The smoking gun – hunting for open but deleted files

# inside an almost full Loki container
lsof +L1 | head
COMMAND    PID USER  FD   TYPE DEVICE SIZE/OFF NLINK      NODE NAME
/usr/bin/l  10 loki  ..   REG  0,34  89.3M     0  39299311 /var/loki/wal/00061847 (deleted)
/usr/bin/l  42 loki  ..   REG  0,34  68.0K     0  39491756 /var/loki/tsdb-shipper-active/wal/s3_2024-09-24/…/00000000 (deleted)
/usr/bin/l  54 loki  ..   REG  0,34  64.0K     0  39492350 /var/loki/tsdb-shipper-active/multitenant/index_20041/… (deleted)

Bingo – several hundred megabytes worth of WAL and shipper files are “deleted”, yet Loki is still holding them open.

Why only production?

Dev and prod run the same Helm values and version. The difference is therefore not in the code or the config, it must be in the state – i.e. the object store.

Things became interesting when I noticed two sets of WAL/shipper paths:

s3_2024-04-16/…
s3_2024-09-24/…

Those dates match two schema entries in schema_config:

configs:
- from: "2024-04-16"
  store: tsdb
  schema: v13
- from: "2024-09-24"
  store: tsdb
  schema: v13

In prod we had earlier experimented with a different store (boltdb-shipper) and later migrated to pure tsdb. Some legacy boltdb metadata and half-migrated blocks were still sitting in the bucket. The compactor/ingester logic was tripping over them, failing to mark blocks as uploaded, therefore never truncating the associated WAL segments. Every restart released the file handles, which explained why “reboot fixes it”.

The fix

Stop the world – scale Loki (and promtail/agents) down to zero to avoid new writes.
Backup – copy the entire bucket to a temporary location (versioning or S3 object-lock makes this easy).
Remove stale prefixes – in our case anything below index_*/chunks_* that still referenced the old schema or boltdb layout.
Start Loki – with an empty local disk the ingesters rebuilt state from the cleaned bucket, immediately started truncating WAL and no ghost files appeared.
Observe – 72 h later df and du still match; no manual restarts necessary.

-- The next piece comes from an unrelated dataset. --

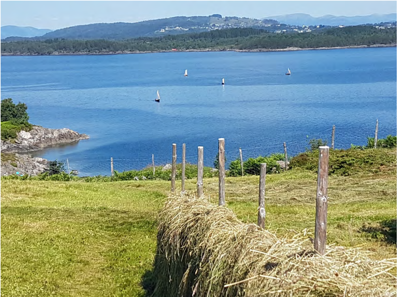
Sommarskule Lygra Juni 2021

A two-liner if you are absolutely sure about the prefixes:

aws s3 rm --recursive s3://loki-boltdb/{boltdb-shipper,index_*/old_schema_prefix,...}

(Use --exclude/--include surgically, or your S3 bill will punish you.)

Why I still think Loki is at fault

A leftover, read-only object in the bucket should not block WAL truncation locally.
Loki never logged an explicit error (“cannot ship block because schema mismatch”).
There is no watchdog that GC’s deleted-but-open files after a grace period.

I initially opened a post in the forum. But in the end, I have filed a GitHub issue (Grafana/loki #14914) with a minimal reproducer. Hopefully the compactor/ingester interaction will be hardened in a future release.

Hard-learned lessons & preventive tips

• Always watch inode usage as well as bytes – df -ih will show you leaking file handles long before the volume fills.

• lsof +L1 is your friend; wrap it in a periodic cronjob that pages you when > N MiB are in “(deleted)” state.

• Keep your schema_config history tidy; delete obsolete store prefixes right after migrations.

• Consider setting ingester.wal_cleanup_duration = 24h (3.3+ only) to force WAL truncation even when shipping is stuck.

• Prefer dedicated buckets per env; “prod accidentally keeps dev’s garbage alive” is a real thing.

Wrapping up

df told me the disk was full, du said “not my problem”, and Loki was quietly holding on to ghost WAL segments referencing ancient schema blocks in S3. Deleting the stale data immediately stopped the leak, but the episode exposed an edge case in Loki’s shipper/compactor path that still needs fixing upstream.

Hope this saves you a few evenings of head-scratching. If you hit the same symptom but your bucket looks clean, drop me a comment – I am genuinely curious about other root causes.

Happy logging, and may your df and du always agree!